In terms of axial symmetry, it was evident, in most of the human corneas, that greater deformation tended to occur towards one side of the N-T axis, the specific side remains ambiguous as the position of the specific poles with respect to each axis could not be confirmed. Similarly, previous structural studies have shown that left and right eyes are structurally distinct [44], indicating that the biomechanics are unlikely to be axially symmetrical.

The specific features of the corneal response to small pressure changes that have been described here are highly important and require further investigation across a larger number of human samples. The information that has been demonstrated from this study and could be obtained from future studies using these imaging techniques, has the potential to enhance the accuracy and validity of computational models of corneal biomechanics aimed at predicting the outcomes of surgical procedures and clinical therapies such as CXL.

The non-destructive nature and high sensitivity of the measurement technique used in this study makes it a highly effective method for ex vivo examination of the regional changes to corneal biomechanics that occur due to invasive procedures such as refractive surgery, and due to treatments aimed at introducing biomechanical changes such as CXL. The latter could benefit greatly from spatial quantification of changes to biomechanics as this could enable the development of optimised treatment algorithms to deliver accurate and predictable refractive modifications.

A limitation of the method used is that it only measures surface displacements and therefore does not provide a full assessment of biomechanics. Other techniques have demonstrated compressive strains through the thickness of the cornea in response to physiological loading [15]. Hence, to gain a complete understanding of corneal biomechanics, it may be most effective to use this technique in combination with others, such as OCE or HFU, capable of measuring through-thickness displacements, while maximising the advantages of fast whole-field image acquisition times provided by interferometry.

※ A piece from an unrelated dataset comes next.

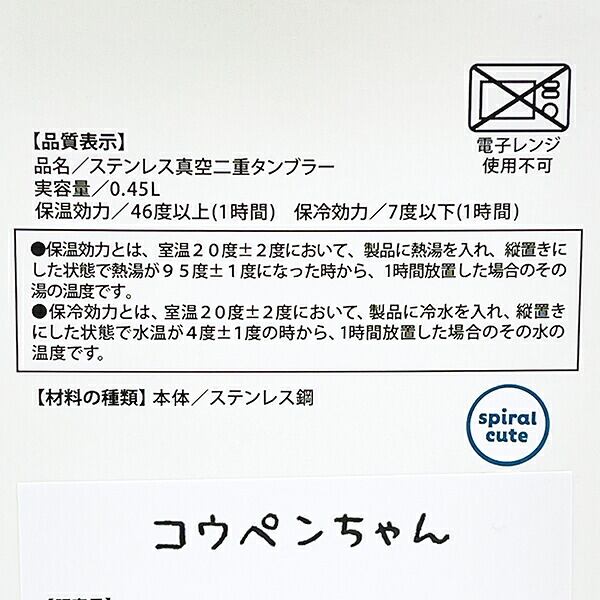 コウペンちゃんのステンレスタンブラーです。保冷・保温効果があり、アイスドリンクもホットドリンクも注げます♪コンビニやコーヒーショップのドリンクカップがすっぽりと入るので、カップホルダーとしても◎ボックス入りでギフトにもぴったり♪普段使いしやすい大きさで、お家でもオフィスでも活躍してくれますよ☆彡

A further limitation of this study, common with the majority of ex vivo studies, is the challenge in replicating and maintaining physiological levels of hydration in the tissue. Generally, human corneal samples cannot be obtained fresh and storage results in corneal swelling. Since hydration contributes to tissue biomechanics, swelling could lead to changes to the response of the tissue. However, a study had demonstrated only slight differences in deformation patterns with IOP despite significant differences in hydration state [45], and it would be expected that even if changes in the magnitude of deformation changed, the overall mechanism of deformation, with high strain concentrations at the limbus, would remain the same.

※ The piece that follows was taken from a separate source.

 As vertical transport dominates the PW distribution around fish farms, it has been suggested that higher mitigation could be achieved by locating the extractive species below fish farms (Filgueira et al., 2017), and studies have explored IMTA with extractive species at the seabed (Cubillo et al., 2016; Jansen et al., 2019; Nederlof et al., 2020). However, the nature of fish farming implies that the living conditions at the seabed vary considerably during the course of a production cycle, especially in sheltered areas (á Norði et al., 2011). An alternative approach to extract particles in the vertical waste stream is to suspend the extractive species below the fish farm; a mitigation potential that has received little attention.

Although this study has been ex vivo in nature, it ultimately is necessary for information of this kind, regarding spatial variation in biomechanics, to be measured in vivo. This would facilitate the early detection and optimised treatment of diseases, such as keratoconus, prior to significant changes in topography; and enable individuals that may be at risk of post-LASIK ectasia to be identified, preventing them from undertaking potentially damaging elective treatments. Further, if an individual’s corneal biomechanics could be topographically mapped, it would offer the opportunity for delivery of optimised and customised procedures such as laser refractive surgery for astigmatism, and CXL together with adjustments post-cataract astigmatism. Significant efforts are going into the development of a clinical device based on similar principles.

Conclusions

The stiffness of the cornea is regionally variable. The limbal and pre-limbal regions of the cornea appear to play a key role in the absorption of small pressure fluctuations, facilitating the central cornea to maintain a relatively constant curvature. These findings could have important implications for corneal surgery and for the delivery of targetted-CXL, hence further investigations are required on a larger number of human samples.

DSPI has been demonstrated here as an effective technique to examine corneal surface deformation in response to physiological scale pressure variations, and can be used alongside other methods to map corneal biomechanics.